Many entrepreneurial women right here in the Twin Cities are proving that they have what it takes to provide these services. Despite overwhelming concepts such as liability insurance and business planning, they have forged ahead and created companies with a mission to serve this demographic. I almost succumbed to these obstacles myself when I created Housecalls Network; but, with a spirited attitude, I focused on the enormous need for independent living resources and jumped in!

Others have taken the same leap. Kristin Kopp started At Home Solutions, LLC, because she saw, first-hand, the pressure and frustration that seniors and their primary caregivers experienced. She saw their high level of aggravation, loneliness and confusion due to weak support systems and lack of awareness of the resources available to support them. After witnessing her clients’ living conditions that were impeding their safety (tattered flooring, broken window panes, poor lighting and cluttered rooms), she focused her plan on alleviating family stressors by offering additional caregiver assistance, home safety assessments and a vast database from which to draw additional support and resource ideas. Kopp describes her satisfaction by saying, “Working one-on-one with [my clients] over a length of time not only decreased the stress level for both themselves and their primary caregivers, but also allowed [them] the chance to live in a cleaner, safer, more secure home that they were proud of.”

Joyce McIntosh also jumped into entrepreneurship. During her more than 15 years of experience in providing community service, she amassed a wealth of experience as an intake coordinator for one of the largest adult day programs in Minnesota, a director for both a day program and transportation services, and a developer of start-up operations for a Medicare home care agency.

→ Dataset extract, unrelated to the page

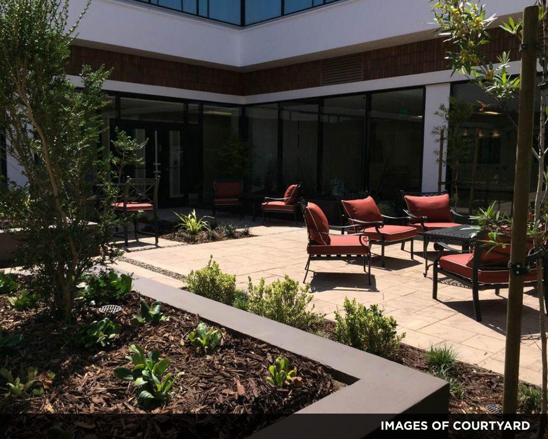
IMAGES OF COURTYARD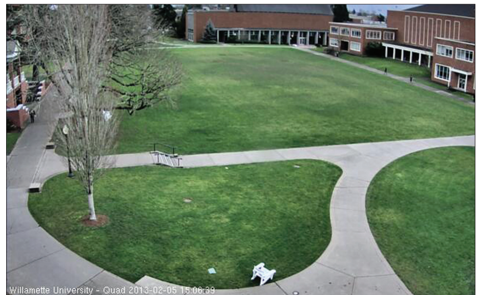
Willamette University - Quad 2013-02-05 15:08:39

Despite these details, one fact still remains. At a school of 2,000 undergraduates, priding itself in a supposedly intimate and dynamic educational environment, the powers that be still feel the need to watch us from above, as if we are some breed of studious, rain-drenched ants in a historic, red-brick terrarium.

Add in her B.A. in sociology and gerontology from the University of Minnesota, and she was well equipped to co-found Health Esteem Services, which provides physical therapy, personal, nursing and concierge services.

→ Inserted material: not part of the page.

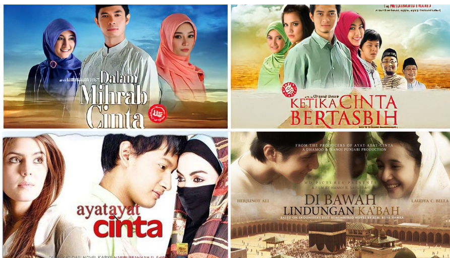
Image 5. Indonesian films containing Arabic words.

Cherie Lee Schmidt went the franchising route. Home Instead Senior Care, like Visiting Angels and Comfort Keepers, offers companionship, home helper, personal care and overnight services to her franchise in the central and western suburbs of Minneapolis. As a community service representative, she takes special care in matchmaking her clients with the appropriate caregivers.

Adina Goldstein’s story is unique in that she knows her client’s challenges first-hand. Not only did she create Don’t Sweat the Small Stuff to provide concierge services to homebound individuals, but she herself is living with multiple sclerosis, an autoimmune disease that affects the central nervous system. Despite vision and cooling issues, Adina is a woman on the go, with a mission that, ironically, aligns perfectly with the MS Society’s “Join the Movement” campaign.

It is no coincidence that these entrepreneurs in the caregiving industry are women. The typical informal caregiver is a married woman in her mid-forties to mid-fifties. She is employed full time and also spends an average of 20 hours-per-week on caregiving duties (Family Caregiver Alliance).

With 76 million baby boomers in our society today and considering that a full 45% of working baby boomers intend to work past the traditional retirement age of 65, this generation will be looking for services to support them in nontraditional working roles (AARP). If you’re looking for the services that these women provide, consider your options, remember their stories and give them a call.